The law says that the ratings firms can be held legally liable for the quality of their ratings. In response, the firms yanked their consent to use the ratings, hoping for a reprieve from the Securities and Exchange Commission or Congress. The trouble is that asset-backed bonds are required by law to include ratings in official documents.

The result has been a shutdown of the market for asset-backed securities, a $1.4 trillion market that only recently clawed its way back to health after being nearly shuttered by the financial crisis.

11 Comments

  1. morganovich:

    honestly, after comments like "we have to pass the bill to see what's in it" can anybody muster any actual surprise at unintended consequences?

    on the other hand, despite its economically crippling consequences, at least this should shore up prices for existing asset backed securities by limiting supply...

  2. Every Man A King:

    Considering how the ratings agencies aided and abetted the financial crisis, does anyone feel sorry for them?

  3. morganovich:

    i've been thinking about this a little more. isn't this a de facto nationalization of mortgage securitization?

    i realize that freddy and fannie are currently buying 90% of mortgages anyway, but given their now explicit government guarantee, won;t they be the only one in the mortgage space able to securitize loans? who else will be able to get a rating?

    with 90% share, clearly the market can't get much worse, but with these rules, how can it get any better?

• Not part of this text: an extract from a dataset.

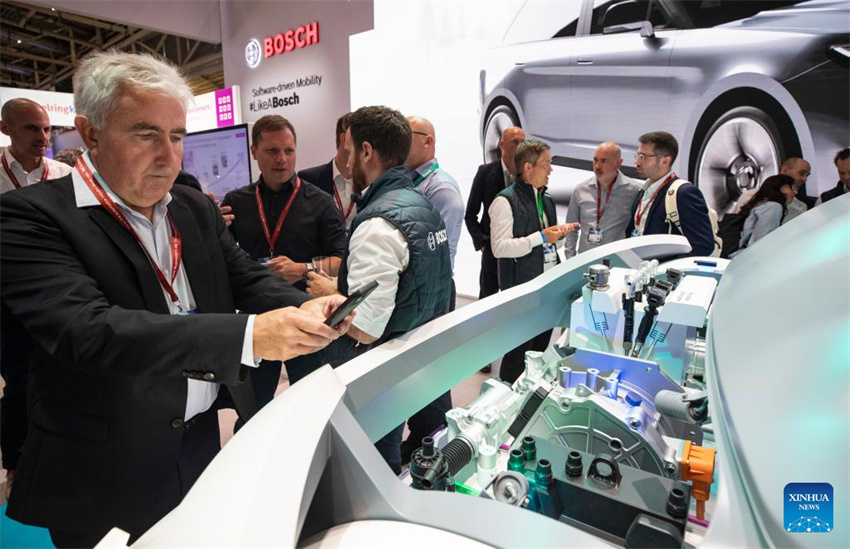 Visitantes en la zona de exposición de Bosch durante la IAA Mobility 2025 en Múnich, Alemania, el 9 de septiembre de 2025. La IAA Mobility 2025, una de las ferias de movilidad más grandes del mundo, comenzóen Múnich el martes, con fabricantes y proveedores de automóviles de todo el mundo mostrando vehículos eléctricos, conducción autónoma e innovaciones impulsadas por software. (Xinhua/Zhang Fan.)

    did we just see the sneaky nationalization of a market?

  4. Mesa Econoguy:

    morganovich: yep

    This one kinda has an opt-out though - just don't play. Bye bye ABS.

  5. rox_publius:

    can you fix the link?

  6. Allen:

    Makes one wonder what's caused the so-called "freezing" of the credit markets, eh?

  7. Russ R.:

    This is not likely to be the end of the world (or even the end of the structured credit markets), but it will have the effect of shutting out smaller issuers, to the advantage of larger corporate borrowers.

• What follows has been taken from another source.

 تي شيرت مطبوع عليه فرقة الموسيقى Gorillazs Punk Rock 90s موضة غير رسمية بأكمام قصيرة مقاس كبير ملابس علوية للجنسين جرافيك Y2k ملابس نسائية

    Despite the increased exposure to legal liability, the ratings agencies will eventually go back to rating new debt offerings... that's their core business. They'll just end up increasing their fees to cover their higher risk.

    The higher fees, as a fixed cost of a bond issue, will have little impact on giant borrowers (like Ford, which would raise billions at a time), but will have a punitive impact on smaller companies (who will have to turn to bank loans, which are more expensive and typically come with restrictive covenants attached).

    Despite the higher fees, large borrowers might actually benefit from lower interest costs, since there would be fewer competing issues, potentially driving rates lower.

  8. Ted Rado:

    At least the Feds are consistent. They screw up EVERYTHING!!

  9. Phil:

    How is this a problem? Shouldn't firms be legally liable for faulty ratings? Shouldn't Ford be held responsible for the damages associated with the Ford Pinto even if they were unintentional? I just do not the problem here.

  10. Val:

    Phil, all of these things serve to raise the cost of capital... If fact, so many things have been done by the present administration that are and/or will have that effect, that it is difficult to predict the extent. However, it will be there, and the result will be more drag on the economy, especially the dynamic parts. It would be much easier and far more effective to change the pay scheme in the current rater/ratee fiasco.

  11. GregS:

    Phil, the entire $1.4 trillion market for a type of financial instrument gets shut down as an accidental, unintended consequence of new government regulations, and you don't see a problem with that? Even if one thinks the rating agencies should have legal liability for their ratings, the fact that this new regulation shut down an entire market, by accident, shows an astonishing level of incompetence and ineptitude by those authoring these new rules. And the implications for the future are frightening because these same authors, in their hubris, think themselves uniquely, brilliantly qualified to run *everything* in American life.